When we argue, it’s often for a good reason. So hearing your partner say that there is nothing to get upset about is often the straw that breaks the camel’s back! “Minimizing the other’s anger almost amounts to denying it, which makes the other person feel that it is not legitimate to get angry about it. explains Johanna Rozenblum.
“I always do everything, you never help me”
Putting “always” and “never” in reproachful sentences during an argument is never a good sign. “This type of sentence places the blame on the other, we extract ourselves from the conflict to place the responsibility on the other, which is not very responsible” indique Johanna Rozenblum.
“I’m sorry if…”
If the sentence sounds like an apology, in reality it is not. “By putting an if, we shift the blame onto the other, believing that it is their behavior that is wrong” underlines the psychologist.

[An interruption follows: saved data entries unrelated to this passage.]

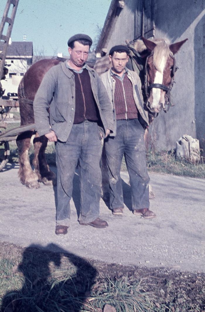 Photographie en couleur représentant le transport du lait à la fruitière de Viuz-en-Sallaz. Il s'agiarit de Paul Wargnier et François Gavard-Lebleu.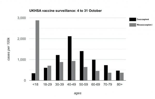 „Świeższe informacje wzmocniły obserwacje letnie. W każdej grupie wiekowej powyżej 30. roku życia w Wielkiej Brytanii wskaźniki zakażenia Covid na 100 000 są obecnie wyższe wśród zaszczepionych niż nieszczepionych. Rzeczywiście, w kohortach w wieku od 40 do 79 lat wskaźniki infekcji wśród zaszczepionych są ponad dwukrotnie wyższe niż wśród nieszczepionych."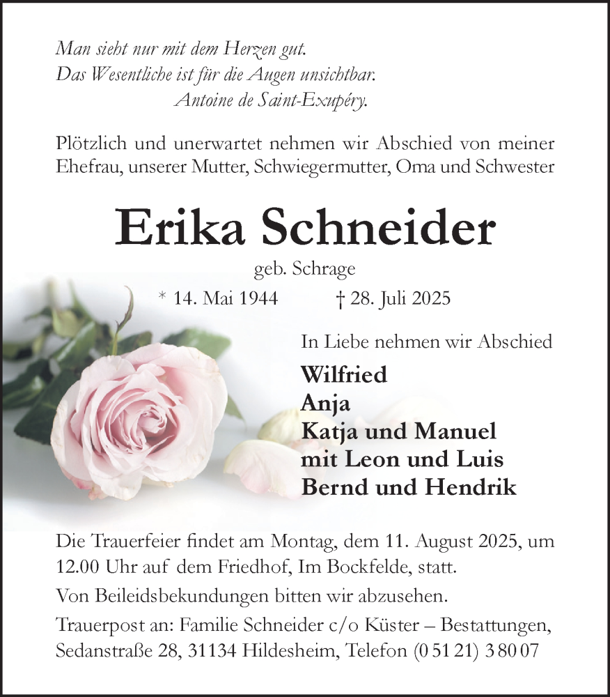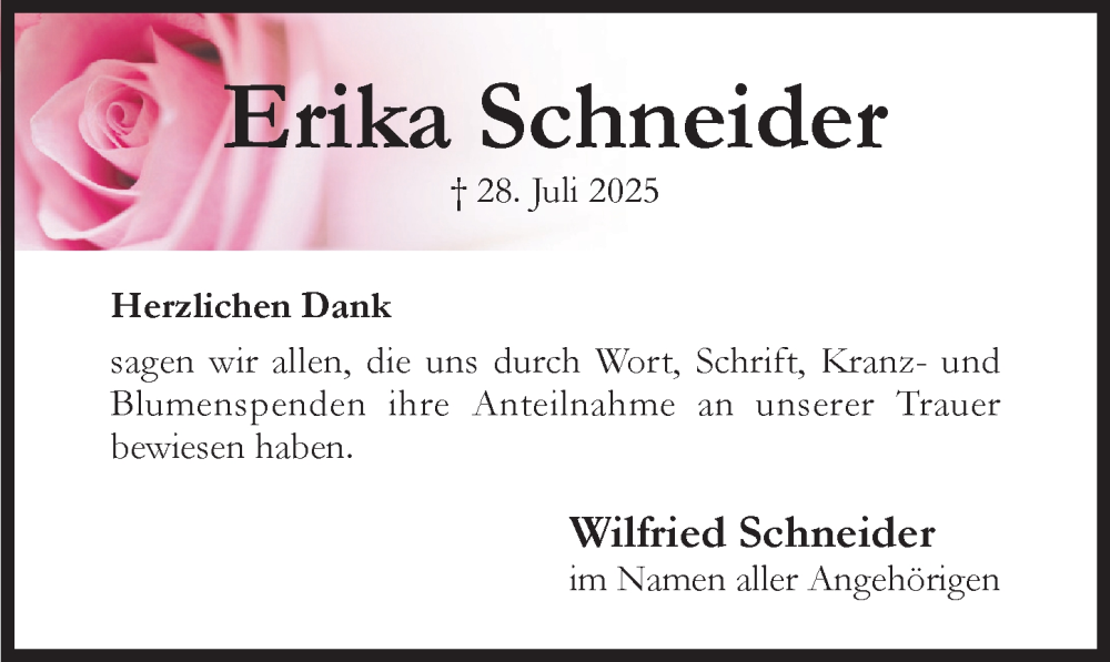 Hier finden Sie alle Traueranzeigen aus der Zeitung, die bisher für Erika Schneider erschienen sind. Weitere Traueranzeigen, die in der Zeitung erscheinen, werden hier ebenfalls aufgelistet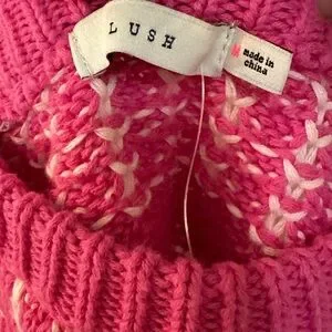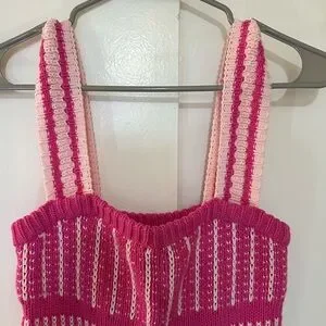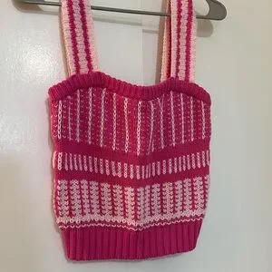 NWT Lush Crochet Striped Top Fuchsia Blush Women’s Size M

“I’m tired of you, it’s over between us”
Be careful not to tell the other person that the relationship is over, if you don’t really mean it. “This type of sentence can not only hurt the other, but also potentially push them to put a definitive end to the relationship on their side. note l’expert.
“You look like your mother/father”
When discussing as a couple, it is better to avoid involving a third person, even for comparison. In addition to hurting the other, “this risks exposing him further, because it affects those close to him.” adds the psychologist.
How to discuss constructively during an argument?
To interact positively with your partner, you must instead use non-violent communication (NVC). “To do this, you need to use sentences like, “I hear what you’re telling me, come on, let’s sit down and find a solution.” This does not prevent us from exposing the difficulties we encounter with others.” explains Johanna Rozenblum.
“It can also be: “I hear your share of difficulties, here is mine. I am capable of taking this path, to promote our exchanges, what would you be ready to do on your side?” For example” explains the expert again. With the aim of not ruining your relationship over a few words spoken without thinking about it.